Reputation: 493
When I do a select statement for non-null values on a hive table, there are no correct results in the response. The result is as if "is not null" expression is not there!
Example:
select count(*)
from test_table
where test_col_id1='12345' and test_col_id2 is not null;
Note test_col_id1
and test_col_id2
are not partition keys.
Here's my hive version.
Hive 0.14.0.2.2.0.0-2041
Here's the table:
... | test_col_id1 | test_col_id2 |
... | 12345 | x |
... | 12345 | NULL |
This query returns 2 records.
Upvotes: 9
Views: 68634
Reputation: 914
Hive parse NULL value in a different way.
Hive does not consider empty value is NULL. However, by default, Hive uses \N
to represent
NULL (not a special character, just backslash plus capital letter N).
If you just want to filter out all the empty values, you can use
where test_col_id2 != ''
If you use the real NULL value in your original text file which was loaded into hive table, you can try
where test_col_id2 != '\000'
since the ASCII Code of NULL in octonary is 00 and the first "0" means it's an octonary number.

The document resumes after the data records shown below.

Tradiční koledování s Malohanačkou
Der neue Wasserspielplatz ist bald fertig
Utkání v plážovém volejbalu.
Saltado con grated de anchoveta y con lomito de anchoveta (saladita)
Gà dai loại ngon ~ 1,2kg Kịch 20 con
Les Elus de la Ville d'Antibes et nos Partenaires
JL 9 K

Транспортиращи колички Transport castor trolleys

By the way, you can also use command:
alter table $YOUR_TABLE SETSERDEPROPERTIES('serialization.null.format' ='abc')
to customize the NULL value to "abc" if you want Hive to parse "abc" as the NULL value for some table.
Upvotes: 4
Reputation: 2177
Try the following query, does it return rows?
select count(*)
from test_table
where test_col_id1='12345' and test_col_id2 != 'NULL';
Then your NULL
is not NULL
, it's the string 'NULL'. Loads of people have problems with Hive treatment of NULL
strings. By default, it's the blank string ''
. If we want anything else, we have to specify exactly the way NULL strings should be treated when we create the table. Here are 3 examples of how to change what is recognized as NULL
. The first one sets 'NULL' strings as NULL
:
CREATE TABLE nulltest1 (id STRING, another_string STRING)
TBLPROPERTIES('serialization.null.format'='NULL') --sets the string 'NULL' as NULL;
CREATE TABLE nulltest2 (id STRING, another_string STRING)

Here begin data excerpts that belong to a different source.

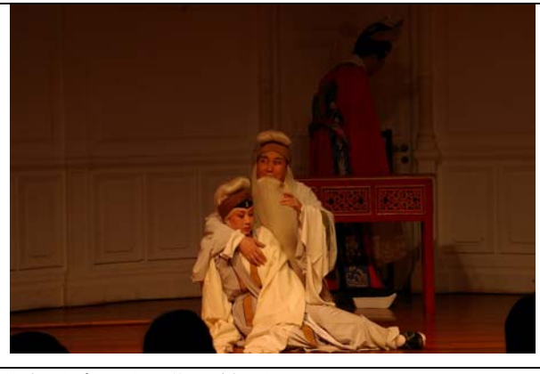
《清風亭上》賺人熱淚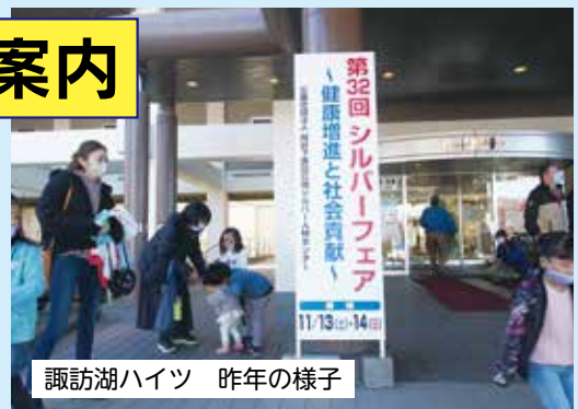
諏訪湖ハイツ 昨年の様子

☆シルバーフェアを10月29日(土)・30日(日)に 下諏訪総合文化センターで開催します。 —今から作品の出展準備をお願いします—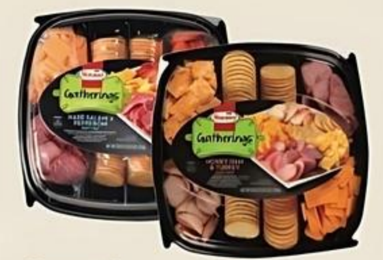
Hormel Party Tray Ham & Turkey, Hard Salami Pepperoni Env. de 28 oz. Reg. $14.99 c/u

TBLPROPERTIES('serialization.null.format'='') --sets empty string as NULL;
CREATE TABLE nulltest3 (id STRING, another_string STRING)
TBLPROPERTIES('serialization.null.format'='\N'); --sets \N as NULL;
Since you've already created your table, you can alter your table so that it will recognize your 'NULL'
as NULL
:
ALTER TABLE test_table SET TBLPROPERTIES ('serialization.null.format' = 'NULL');
Upvotes: 12